» EXERCISE GOAL
The listing below is to be written out word for word, minus its images.

» SUPPLIED MATERIAL
---*---
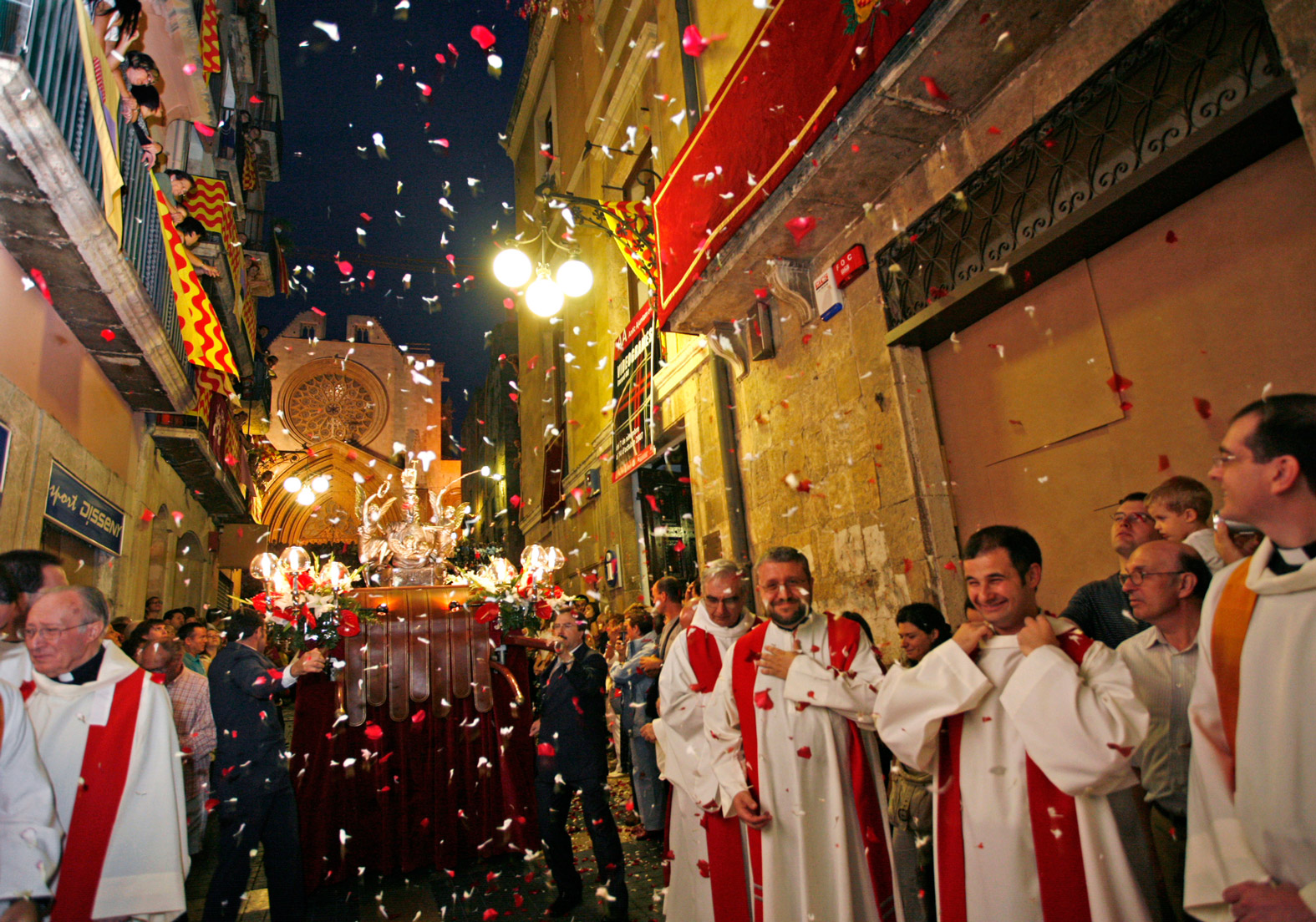El seguiment cronològic de la jornada ens condueix cap a la processó del vespre –dia 23–, una de les grans processons dels Països Catalans, de tot l’Estat i de tot Europa. Tota la festa, però en especial aquest moment, ens trasllada cap a una mesura sentimental de la ciutat que és impossible de copsar en cap altre moment de l’any, tant entre els mateixos tarragonins com entre els nombrosos visitants que hi assisteixen. Un cop la relíquia reposa dins el temple catedralici, fora el brogit és impressionant en un acte l’autoria del qual ningú no gosa atribuir-se, però que ha nascut amb la recuperació democràtica de la festa: la baixada esbojarrada cap a la plaça de la Font.
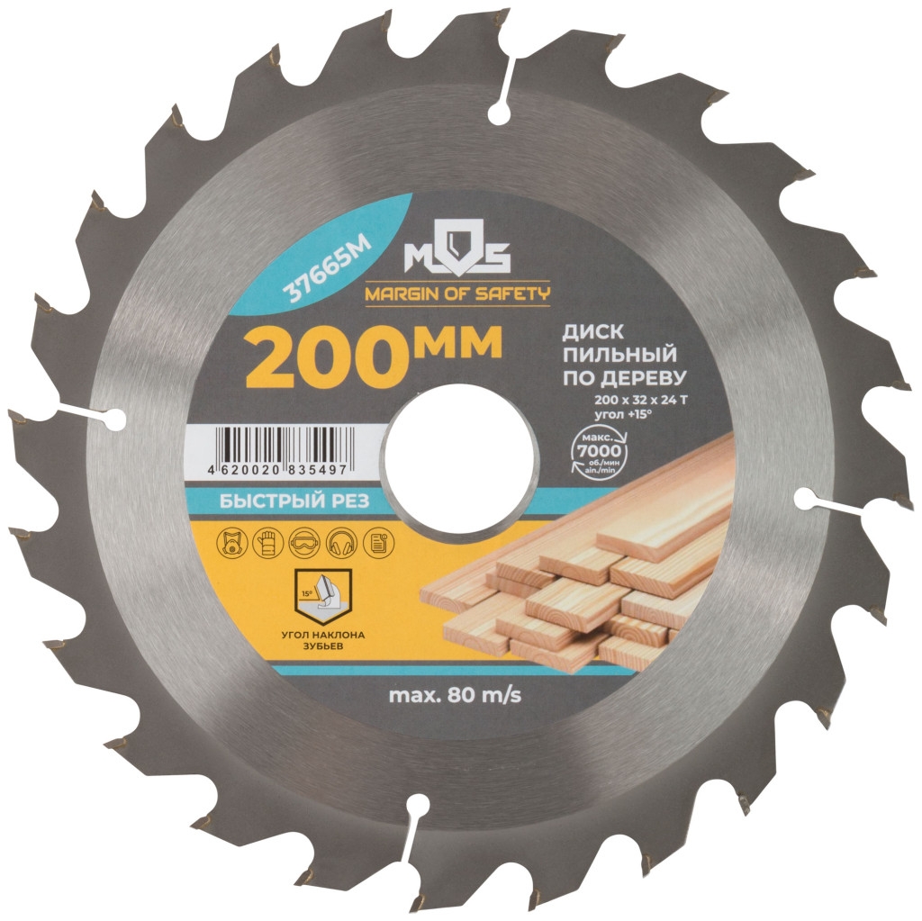 Диск пильный для циркуляр.пил по дереву 200х32х24Т + 2 кольца 32/30 и 30/20 мм
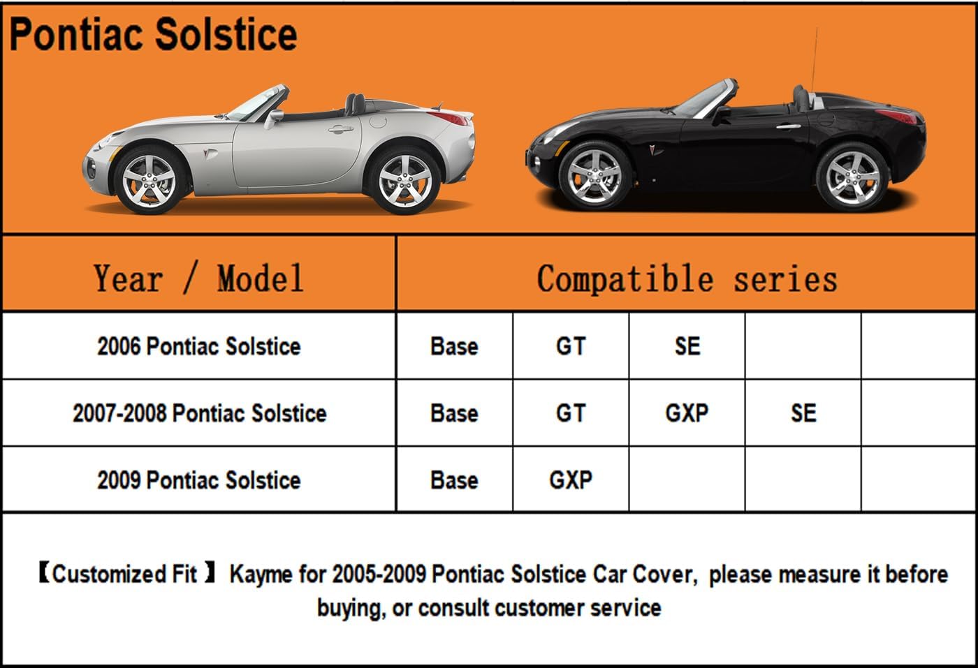 - 【Suitable for】— Custom fit for Pontiac Solstice (2005-2009). Come with a large enough portable bag to store your cover when you do not use
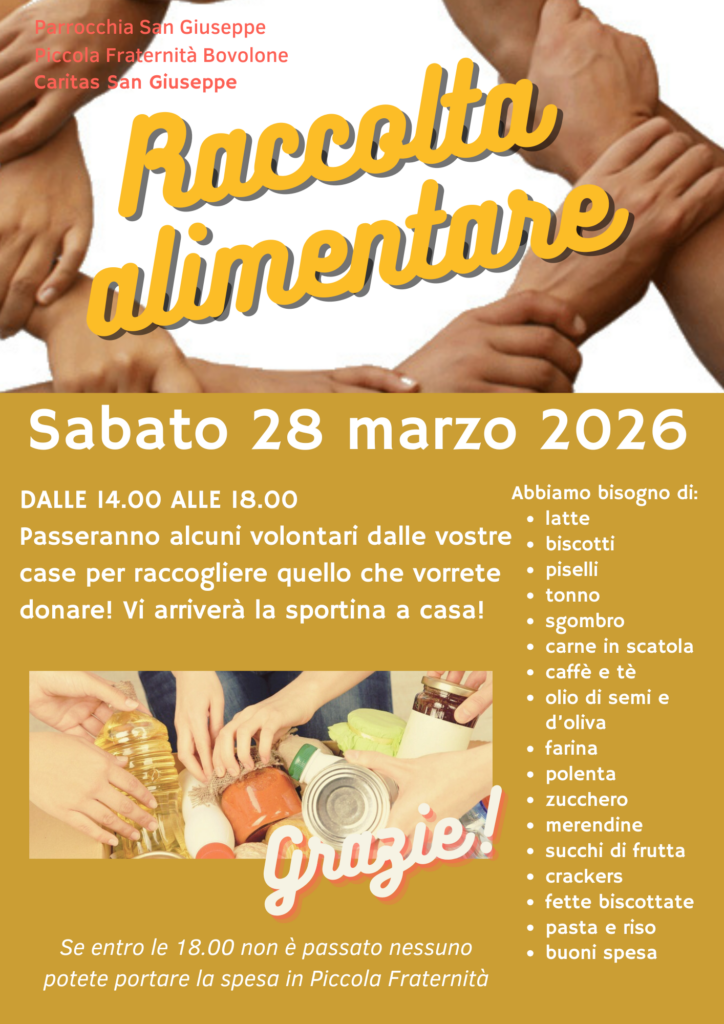 Sabato 28 marzo, dalle 14.00 alle 18.00 i nostri volontari passeranno per la tradizionale raccolta alimentare in favore della Piccola Fraternità. Se non ti è arrivata il saccettino puoi usare un tuo sacchetto della spesa.
---*---
» OUTPUT OF THE TASK
El seguiment cronològic de la jornada ens condueix cap a la processó del vespre –dia 23–, una de les grans processons dels Països Catalans, de tot l’Estat i de tot Europa. Tota la festa, però en especial aquest moment, ens trasllada cap a una mesura sentimental de la ciutat que és impossible de copsar en cap altre moment de l’any, tant entre els mateixos tarragonins com entre els nombrosos visitants que hi assisteixen. Un cop la relíquia reposa dins el temple catedralici, fora el brogit és impressionant en un acte l’autoria del qual ningú no gosa atribuir-se, però que ha nascut amb la recuperació democràtica de la festa: la baixada esbojarrada cap a la plaça de la Font.
 Диск пильный для циркуляр.пил по дереву 200х32х24Т + 2 кольца 32/30 и 30/20 мм
 - 【Suitable for】— Custom fit for Pontiac Solstice (2005-2009). Come with a large enough portable bag to store your cover when you do not use
 Sabato 28 marzo, dalle 14.00 alle 18.00 i nostri volontari passeranno per la tradizionale raccolta alimentare in favore della Piccola Fraternità. Se non ti è arrivata il saccettino puoi usare un tuo sacchetto della spesa.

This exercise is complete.